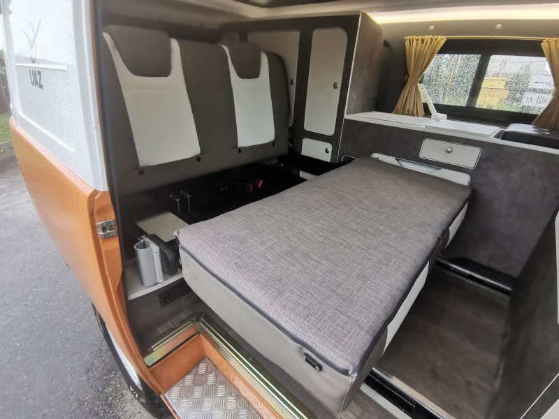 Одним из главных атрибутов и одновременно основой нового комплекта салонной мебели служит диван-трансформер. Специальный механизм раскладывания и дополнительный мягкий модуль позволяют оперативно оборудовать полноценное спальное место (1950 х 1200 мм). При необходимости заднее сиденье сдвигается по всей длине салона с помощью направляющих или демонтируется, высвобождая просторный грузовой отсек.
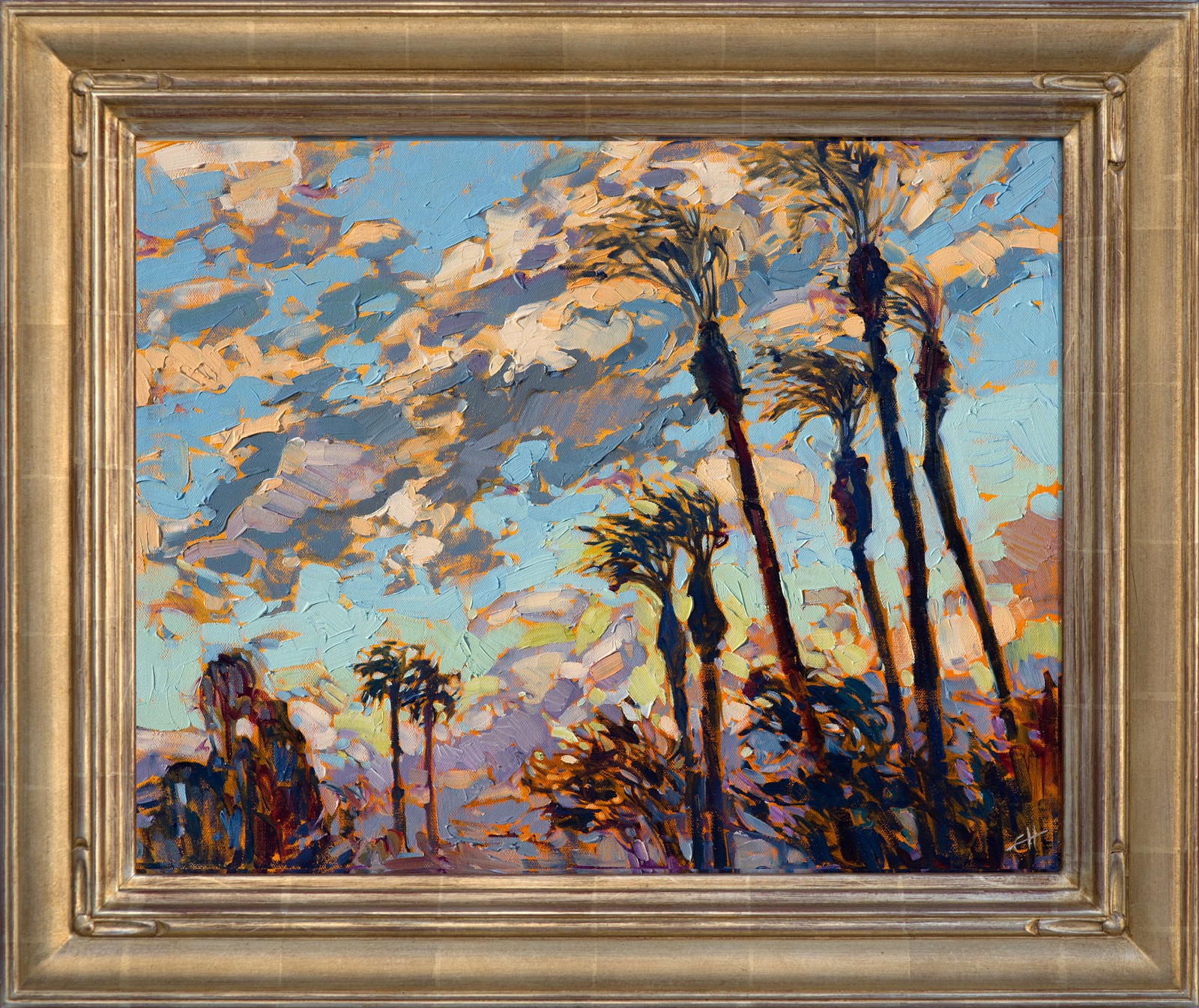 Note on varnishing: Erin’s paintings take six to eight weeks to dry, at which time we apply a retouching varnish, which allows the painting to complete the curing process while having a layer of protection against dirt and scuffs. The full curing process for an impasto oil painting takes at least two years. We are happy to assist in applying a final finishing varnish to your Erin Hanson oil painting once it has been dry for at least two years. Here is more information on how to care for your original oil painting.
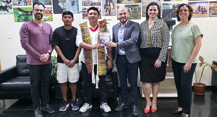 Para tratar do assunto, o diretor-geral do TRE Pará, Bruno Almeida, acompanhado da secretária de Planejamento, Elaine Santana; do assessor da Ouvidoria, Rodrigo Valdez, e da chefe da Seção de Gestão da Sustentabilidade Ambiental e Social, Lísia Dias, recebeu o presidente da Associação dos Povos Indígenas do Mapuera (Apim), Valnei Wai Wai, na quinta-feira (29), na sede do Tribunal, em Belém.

TASK TO CARRY OUT - Please set down, word for word, the lines starting at the line that holds "Note on varnishing: Erin’s" and running to the end of the listing, with no pictures.

RESULT OF THIS TASK -
 Note on varnishing: Erin’s paintings take six to eight weeks to dry, at which time we apply a retouching varnish, which allows the painting to complete the curing process while having a layer of protection against dirt and scuffs. The full curing process for an impasto oil painting takes at least two years. We are happy to assist in applying a final finishing varnish to your Erin Hanson oil painting once it has been dry for at least two years. Here is more information on how to care for your original oil painting.
 Para tratar do assunto, o diretor-geral do TRE Pará, Bruno Almeida, acompanhado da secretária de Planejamento, Elaine Santana; do assessor da Ouvidoria, Rodrigo Valdez, e da chefe da Seção de Gestão da Sustentabilidade Ambiental e Social, Lísia Dias, recebeu o presidente da Associação dos Povos Indígenas do Mapuera (Apim), Valnei Wai Wai, na quinta-feira (29), na sede do Tribunal, em Belém.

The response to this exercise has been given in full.